▶ **Aim of the exercise**
Produce a verbatim copy of the following records, leaving out all pictures.

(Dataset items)
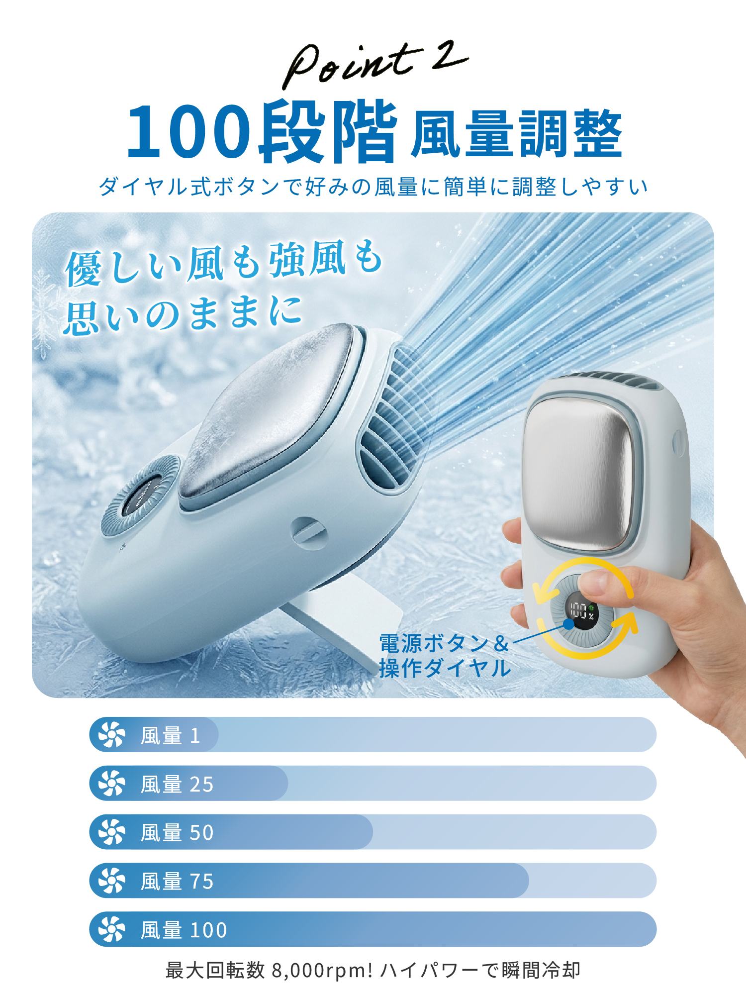 ・1〜100段階の細かな風量調整で、自分好みの風を自在にコントロール
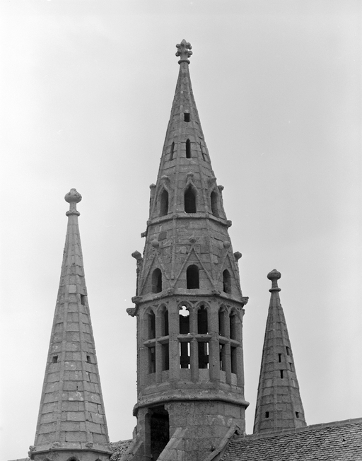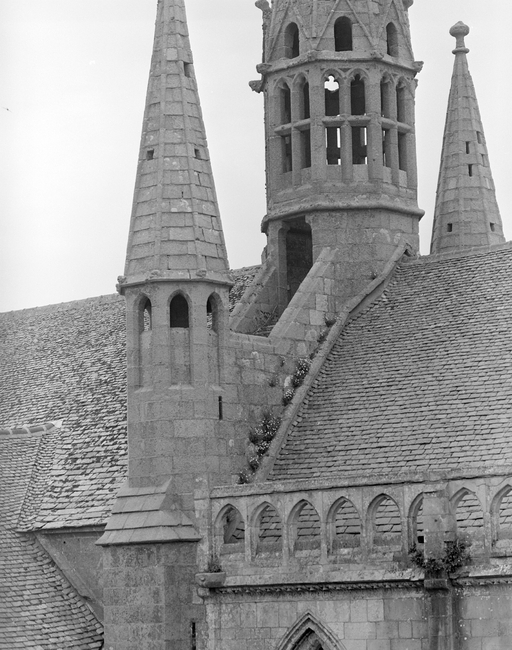La croisée est très précisément datée puisque sa clef de voûte porte les armes de Jean Prigent, chancelier de Bretagne et évêque de Léon de 1436 à 1439, et non comme il a été souvent dit à tort celles de son successeur Guillaume Le Ferron. Les quartiers de la voûte ont conservé leur remarquable décor peint d’origine dans lequel des anges orientés de part et d’autre des liernes présentent ses armoiries. Ce décor peint sur un fond semé d’étoiles alternant avec des rameaux fleuris accompagnés de la devise de Jean Prigent, “ M (pour Aime) Dieu ”, est dans la plus pure tradition du dernier art gothique. Cette voûte centrale présente la particularité d’être encadrée au nord et au sud par de grands arcs diaphragmes qui escamotent la différence de hauteur des bras de transept, sensiblement plus bas. Ces arcs diaphragmes sont ajourés d’une galerie qui permet la continuité de la circulation depuis le passage des fenêtres hautes de la nef vers celui du chœur. La brutalité schématique de l’arc d’entrée du chœur, très simplifié par rapport à celui qui termine la nef, est à mettre en relation avec la présence d’un jubé disparu lors des travaux d’aménagement du chœur au XVIIIe siècle.
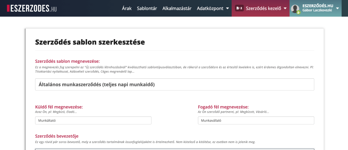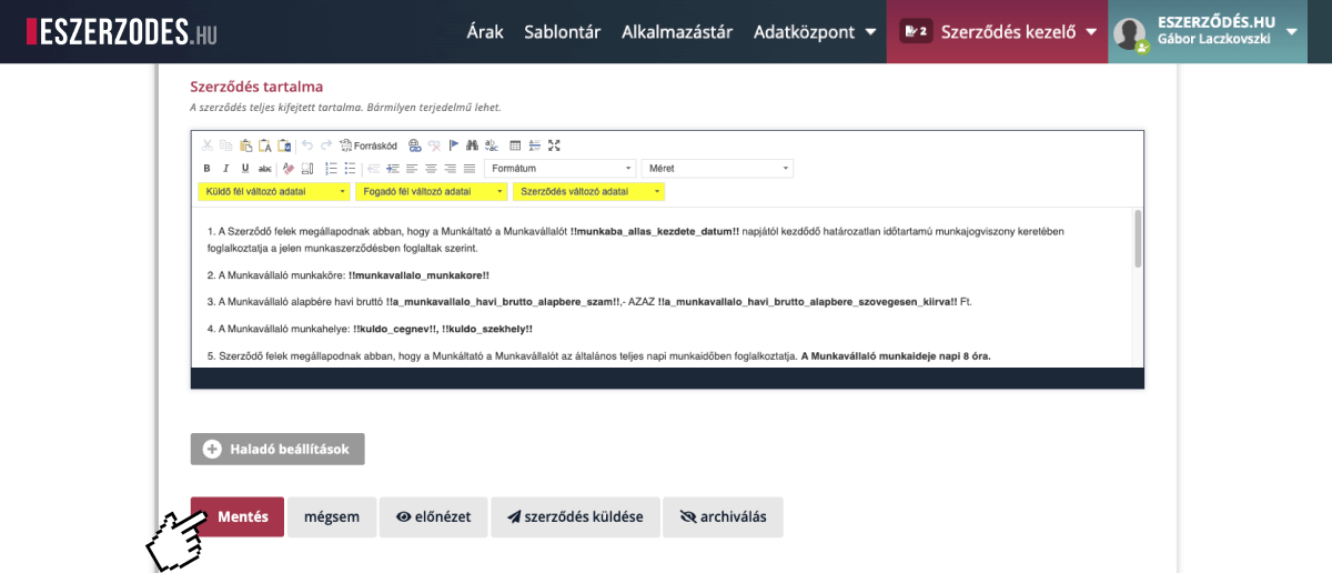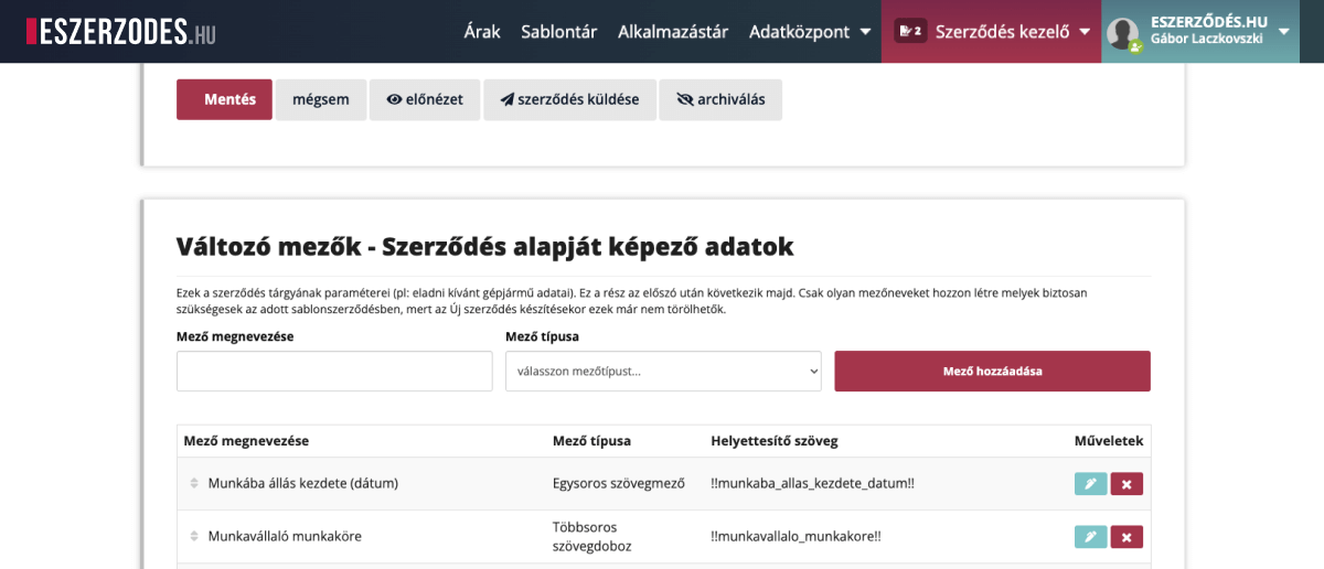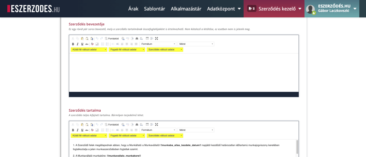 A változó mezők a szerződés tartalma felett jelennek majd meg alapértelmezetten és ezek a változó mezők teszik egyedivé a sablonból generált szerződéseket (ilyen például egy munkaszerződés esetén a Munkavállaló munkaköre, alapbére). Ezeket a mezőket kötelező kitölteni a létrehozónak vagy a szerződés aláírás előtt valamelyik félnek, így biztos lehet abban, hogy nem maradnak kitöltetlenül fontos adatok.
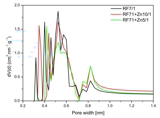 2 adsorption capacity were observed for this material. This was due to the decreased micropore volume in this sample, in favor of mesopores. In addition, it can be seen that, in the RF7/1 + Zn5/1 material, there were pores with a size below 0.35 nm which were not capable adsorbing CO
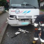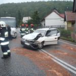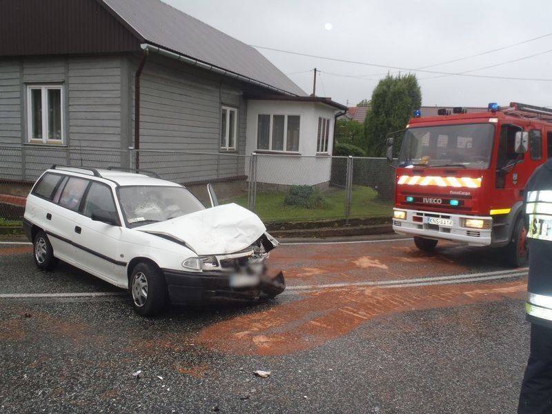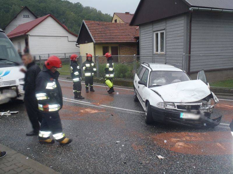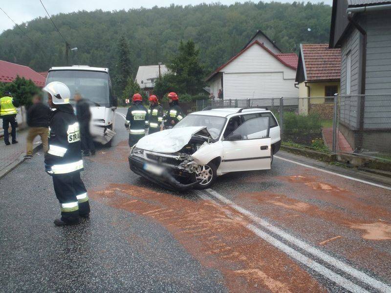 Z nieoficjalnych informacji wynika, że Opel wpadł w poślizg i czołowo zderzył się z prawidłowo jadącym busem. W osobówce „wystrzeliły” obie poduszki, ale pasażer doznał urazu głowy uderzając w przednią szybę. Przez osoby postronne został zabrany do domu pobliskiej posesji.
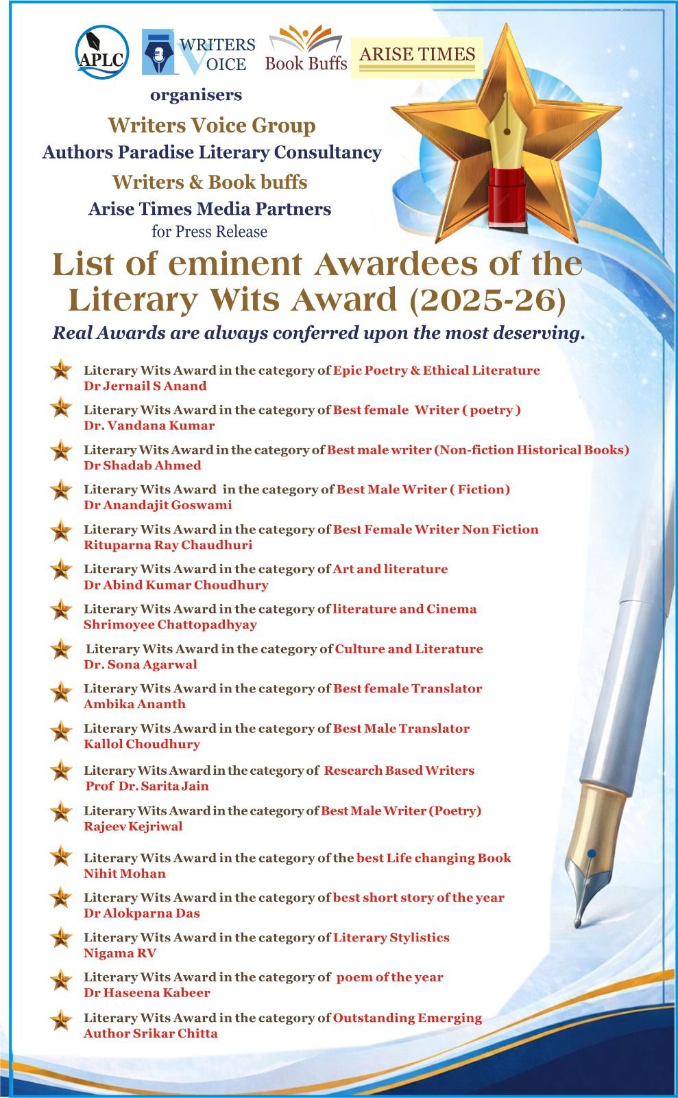 Awarded Best Male Writer (Poetry)
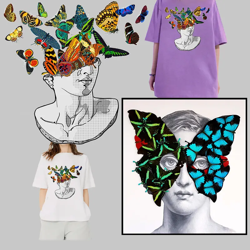 Наклейки-бабочки, футболки, термопечать, Аппликации сделай сам, нашивки для одежды, сделай сам, футболка, стикеры для глажки
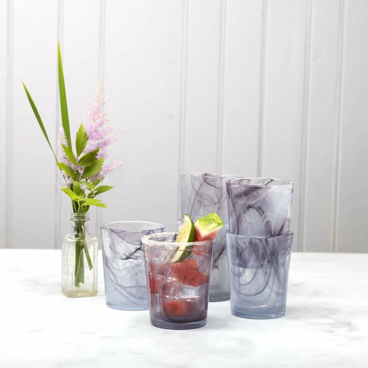 Bring the motion of the ocean current to your tabletop when sipping your favorite classic whiskey-forward cocktails with the Fortessa Swirl 11oz Double Old Fashioned Glass in Amethyst. Made of durable, high-quality glass, this 11 oz rocks-style glass is perfect for enjoying your end-of-day pour of bourbon, rye, or scotch, while also offering an elevated sip during cocktail parties and dinner parties to celebrate special occasions. Adorned with a hazy swirled pattern in a smoky amethyst that varies from opaque to translucent, each piece of the Swirl Collection will be a unique addition to your drinkware collection. For an oceanic finishing touch to your cocktail presentation, use the Fortessa Swirl 11oz Double Old Fashioned Glass in Amethyst!

▶ **Your solution**
 ・1〜100段階の細かな風量調整で、自分好みの風を自在にコントロール
La croisée est très précisément datée puisque sa clef de voûte porte les armes de Jean Prigent, chancelier de Bretagne et évêque de Léon de 1436 à 1439, et non comme il a été souvent dit à tort celles de son successeur Guillaume Le Ferron. Les quartiers de la voûte ont conservé leur remarquable décor peint d’origine dans lequel des anges orientés de part et d’autre des liernes présentent ses armoiries. Ce décor peint sur un fond semé d’étoiles alternant avec des rameaux fleuris accompagnés de la devise de Jean Prigent, “ M (pour Aime) Dieu ”, est dans la plus pure tradition du dernier art gothique. Cette voûte centrale présente la particularité d’être encadrée au nord et au sud par de grands arcs diaphragmes qui escamotent la différence de hauteur des bras de transept, sensiblement plus bas. Ces arcs diaphragmes sont ajourés d’une galerie qui permet la continuité de la circulation depuis le passage des fenêtres hautes de la nef vers celui du chœur. La brutalité schématique de l’arc d’entrée du chœur, très simplifié par rapport à celui qui termine la nef, est à mettre en relation avec la présence d’un jubé disparu lors des travaux d’aménagement du chœur au XVIIIe siècle.
 A változó mezők a szerződés tartalma felett jelennek majd meg alapértelmezetten és ezek a változó mezők teszik egyedivé a sablonból generált szerződéseket (ilyen például egy munkaszerződés esetén a Munkavállaló munkaköre, alapbére). Ezeket a mezőket kötelező kitölteni a létrehozónak vagy a szerződés aláírás előtt valamelyik félnek, így biztos lehet abban, hogy nem maradnak kitöltetlenül fontos adatok.
 2 adsorption capacity were observed for this material. This was due to the decreased micropore volume in this sample, in favor of mesopores. In addition, it can be seen that, in the RF7/1 + Zn5/1 material, there were pores with a size below 0.35 nm which were not capable adsorbing CO
 Z nieoficjalnych informacji wynika, że Opel wpadł w poślizg i czołowo zderzył się z prawidłowo jadącym busem. W osobówce „wystrzeliły” obie poduszki, ale pasażer doznał urazu głowy uderzając w przednią szybę. Przez osoby postronne został zabrany do domu pobliskiej posesji.
 Awarded Best Male Writer (Poetry)
 Наклейки-бабочки, футболки, термопечать, Аппликации сделай сам, нашивки для одежды, сделай сам, футболка, стикеры для глажки
 Bring the motion of the ocean current to your tabletop when sipping your favorite classic whiskey-forward cocktails with the Fortessa Swirl 11oz Double Old Fashioned Glass in Amethyst. Made of durable, high-quality glass, this 11 oz rocks-style glass is perfect for enjoying your end-of-day pour of bourbon, rye, or scotch, while also offering an elevated sip during cocktail parties and dinner parties to celebrate special occasions. Adorned with a hazy swirled pattern in a smoky amethyst that varies from opaque to translucent, each piece of the Swirl Collection will be a unique addition to your drinkware collection. For an oceanic finishing touch to your cocktail presentation, use the Fortessa Swirl 11oz Double Old Fashioned Glass in Amethyst!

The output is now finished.